Data segment:

BEGIN

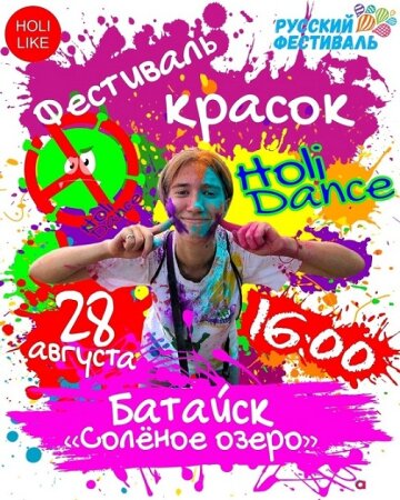 Уже в это воскресенье, 28 августа в 16.00, на Соленом озере в Батайске состоится танцевальный фестиваль красок «Holi Dance». Организаторы приглашают зарядиться позитивом всех желающих любого возраста. Батайчан ждет невероятная атмосфера праздника, различные конкурсы, дискотека и музыкальные батлы.
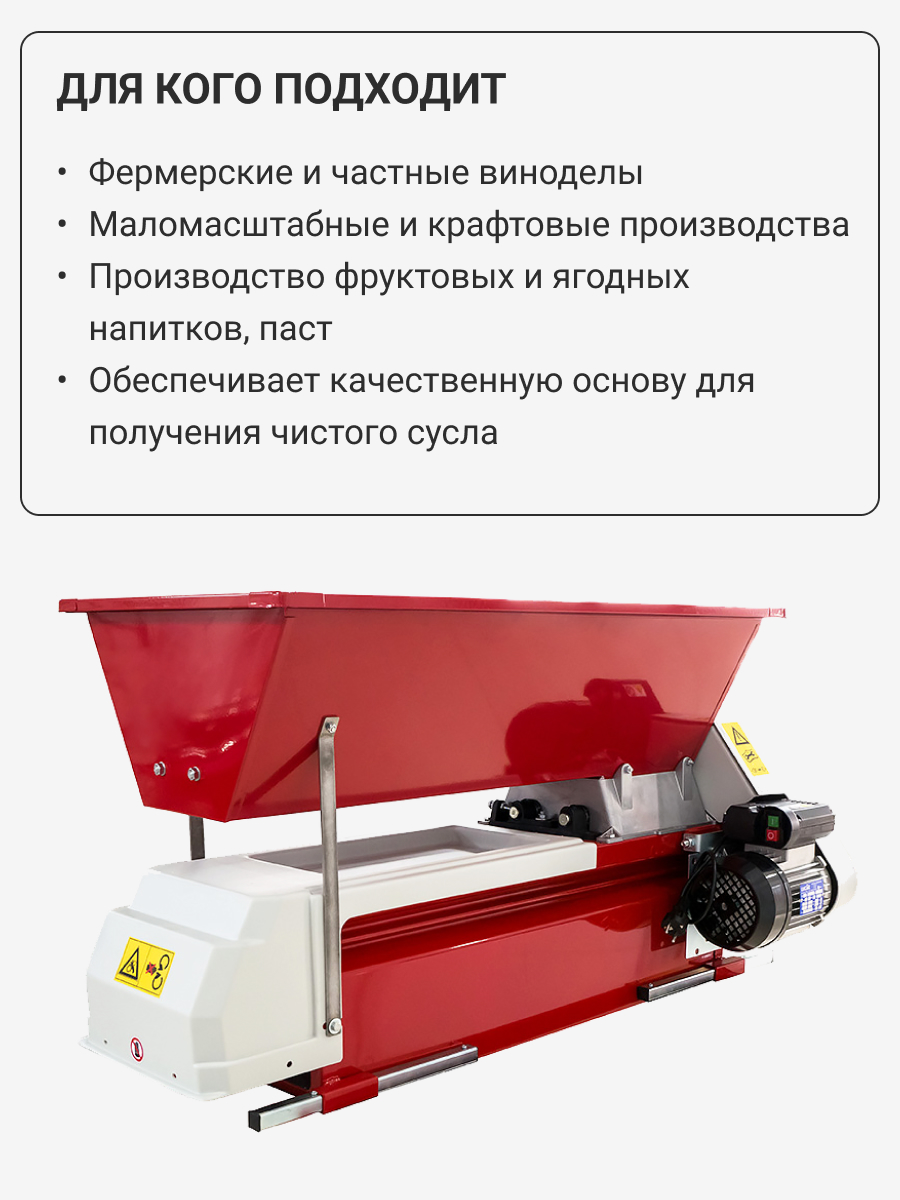 Дробилка "Rondinella" является лучшим выбором для виноделов, которые стремятся сделать процесс производства вина максимально комфортным, а качество гарантированно высоким. Удобство в обслуживании и надежность узлов сделает эту машину Вашим надежным помощником на долгие годы!
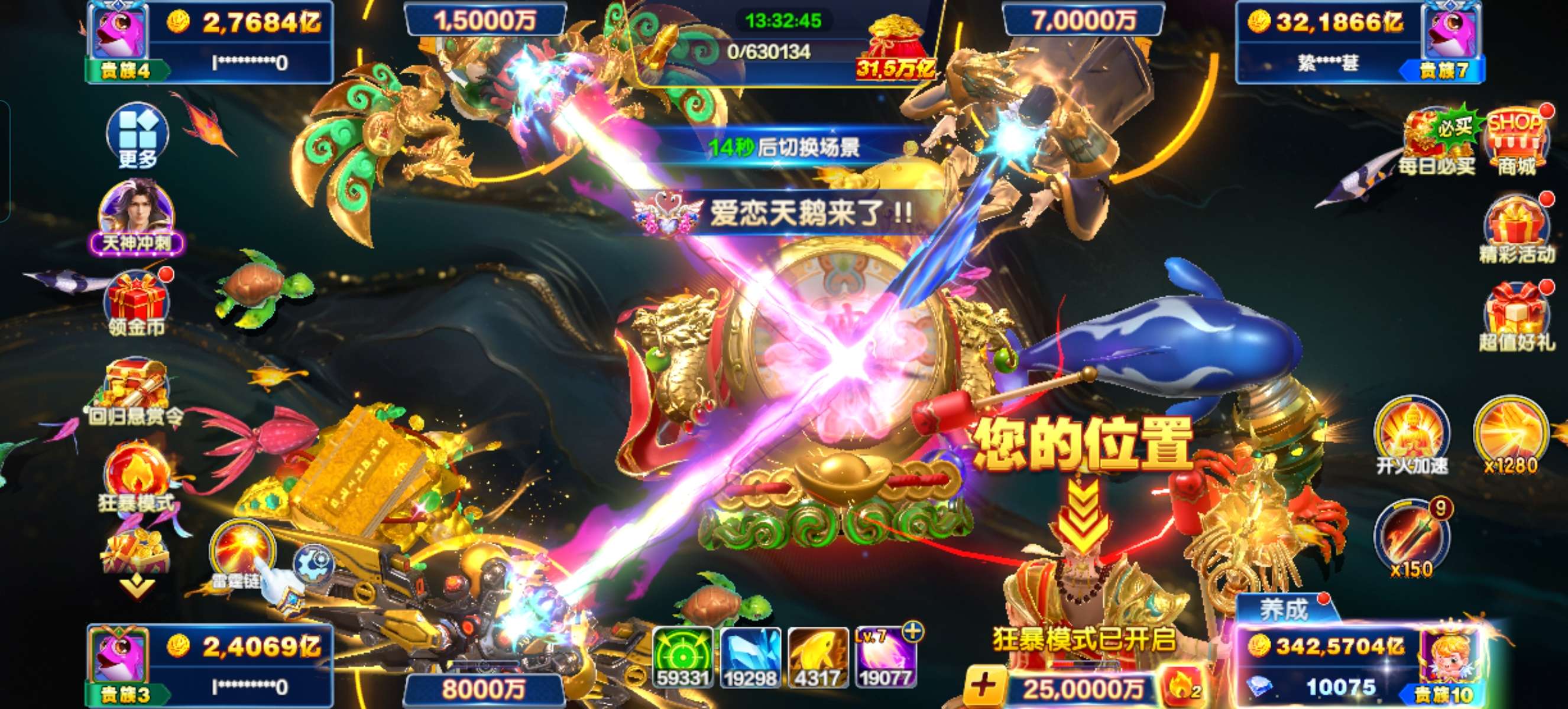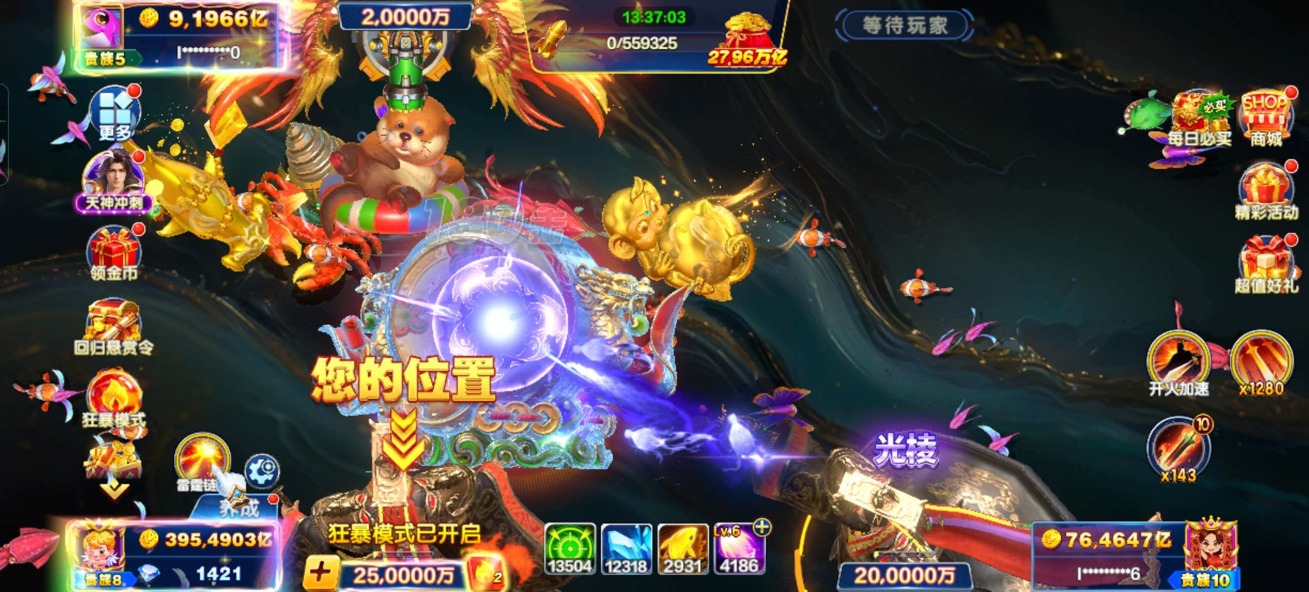 捕鱼大咖小米版本1000万亿10亿炮限时25亿炮VIP9,永久天神
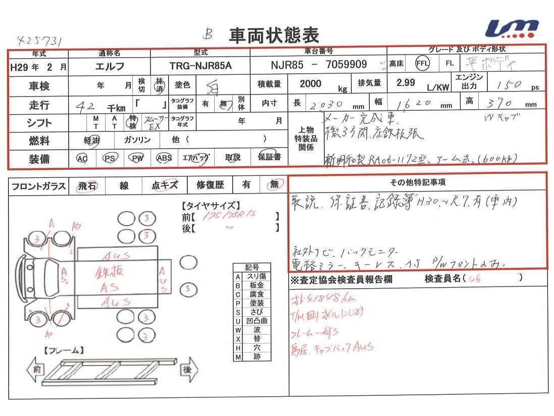 | ボディ内寸 | 荷台長 | 2,030 mm | 走行距離 | 42,000 km | |||||||||||||||||||||||||||||||||||||||||||

END

Work to complete: With pictures left out, transcribe each line from the one containing "на долгие годы!" through the end of the data, both ends included.

Answer section:
 Дробилка "Rondinella" является лучшим выбором для виноделов, которые стремятся сделать процесс производства вина максимально комфортным, а качество гарантированно высоким. Удобство в обслуживании и надежность узлов сделает эту машину Вашим надежным помощником на долгие годы!
 捕鱼大咖小米版本1000万亿10亿炮限时25亿炮VIP9,永久天神
 | ボディ内寸 | 荷台長 | 2,030 mm | 走行距離 | 42,000 km | |||||||||||||||||||||||||||||||||||||||||||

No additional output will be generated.